Medical device distributor Jet Medical Inc has agreed to pay the United States government $200,000 to resolve criminal allegations related to misbranding of a migraine treatment, the Department of Justice (DOJ) has announced.
Jet Medical’s device, the Allevio sphenopalatine ganglion (SPG) nerve block catheter, was intended to treat migraine headaches by blocking the SPG, a small structure of neuronal tissue near the sphenopalatine implicated in orofacial pain.
The DOJ alleges that between April 2014 and April 2019, Jet Medical distributed Allevio devices for this intended use without obtaining approval or clearance from the US Food and Drug Administration (FDA), and did not study the safety and effectiveness of the device when used as intended.
As part of the settlement, the company admitted that it distributed misbranded devices in violation of the Federal Food, Drug, and Cosmetic Act (FD&C Act) and agreed to implement enhanced compliance measures.
“The FDA approval and clearance process serves an important role in ensuring that devices used to treat patients are safe, effective, and medically appropriate.
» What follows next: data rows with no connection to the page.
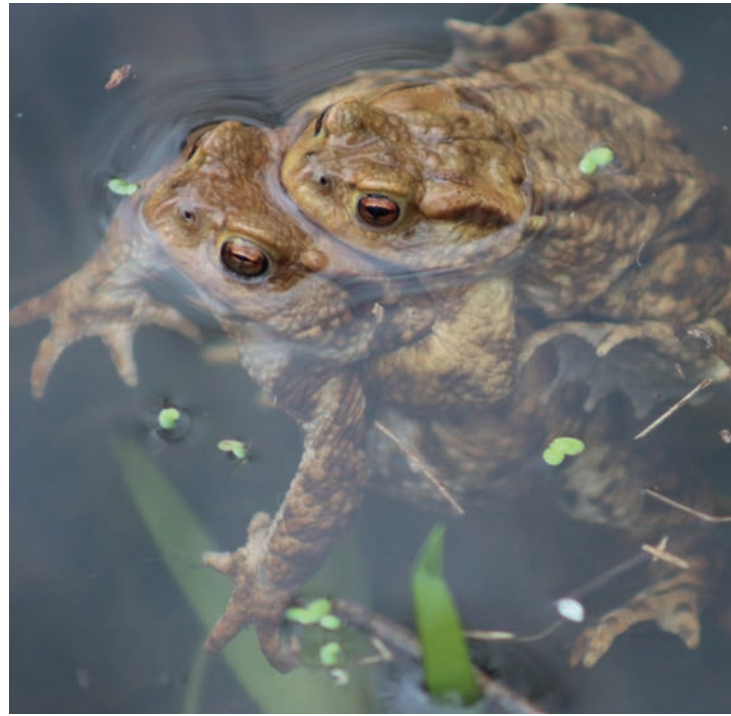
Le biotope des Mares est le repère des espèces aquatiques

Ces zones sont inscrites comme non constructibles dans les documents d'urbanisme. Ils ne sont pas seulement des espaces de conservation, ce sont aussi des lieux de sensibilisation et de découverte. Des balades guidées sont régulièrement organisées par la Municipalité pour éduquer les Nocéens à l'importance de la préservation de ces milieux particulièrement fragiles.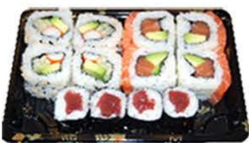
Bento 6 (12u.) 10,50€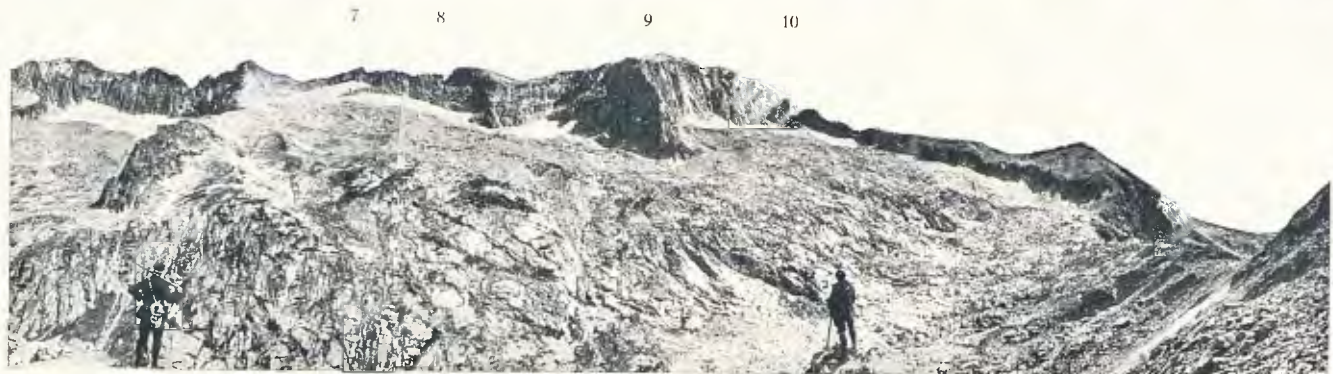
1. Vall de Vallhibierna. 2. Pic de Posets.

We will not permit companies to circumvent that process and put profits over patient safety,” principal deputy assistant attorney general Brian Boynton, head of the Justice Department’s civil division, said in a statement.
“Device manufacturers who circumvent the proper regulatory path in bringing their products to market endanger patients and put the public health at risk. We will continue to investigate and bring to justice companies that ignore the law and jeopardize the public health,” added Catherine A. Hermsen, assistant commissioner for criminal investigations at the FDA Office of Criminal Investigations.
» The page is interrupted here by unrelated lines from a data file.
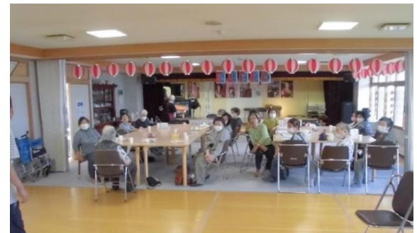
〈介護予防支援事業〉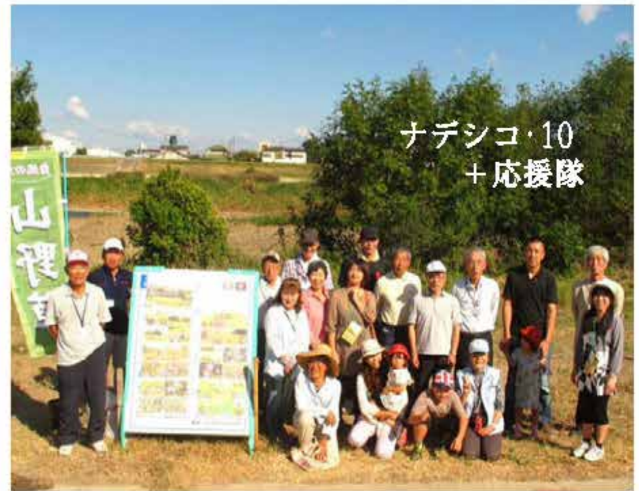
ナadeshiko・10 + 応援隊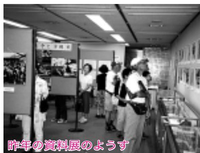
昨年の資料展の様子

Civil Settlement From Whistleblower Suit
The resolution also includes a civil settlement with the federal government under the False Claims Act (FCA) totalling $545,133.
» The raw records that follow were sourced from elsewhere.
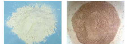
レンコン粉末を使ったマウス実験の結果、レンコンポリフェノールが脂肪肝の改善に有効なことが明らかに(左はレンコンを粉末化したもの、右はレンコンから抽出したポリフェノール)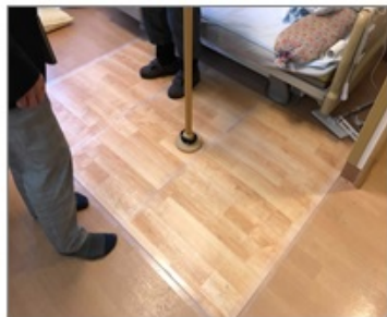
マットタイプ (置くだけ)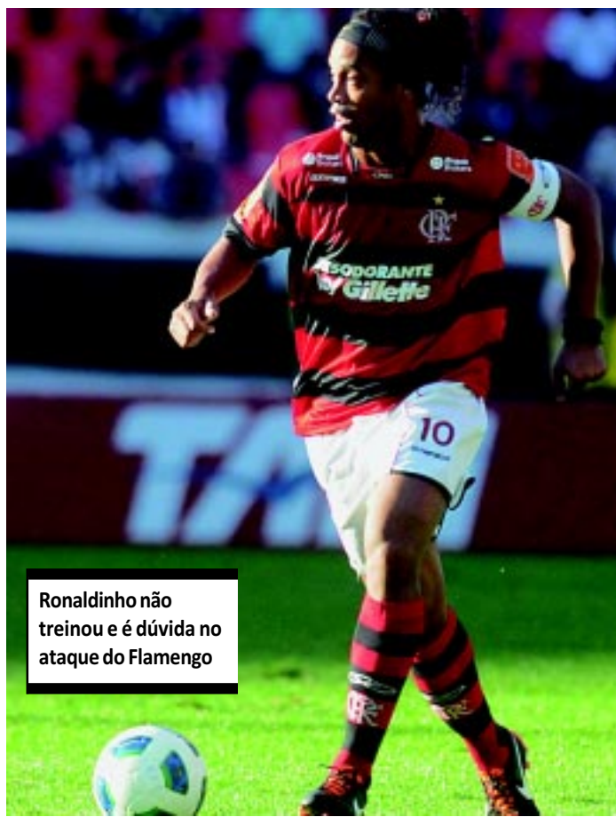
Ronaldinho não treinou e é dúvida no ataque do Flamengo

Along with Jet, two related companies — Medical Components Inc. (MedComp) and Martech Medical Products Inc. (Martech) — are parties to the civil settlement.
This settlement resolves allegations in a qui tam (whistleblower) lawsuit that all three companies violated the FCA by causing medical providers to submit false claims to Medicare for procedures using the Allevio device.
The lawsuit alleged the Allevio was not approved or authorized by the FDA for use in SPG nerve blocks for the treatment of headache, and that the procedure was not covered by Medicare.
The suit further alleged that Jet, MedComp, and Martech instructed, coached, and encouraged medical providers to submit improper billing codes to Medicare for reimbursement of services using the Allevio device.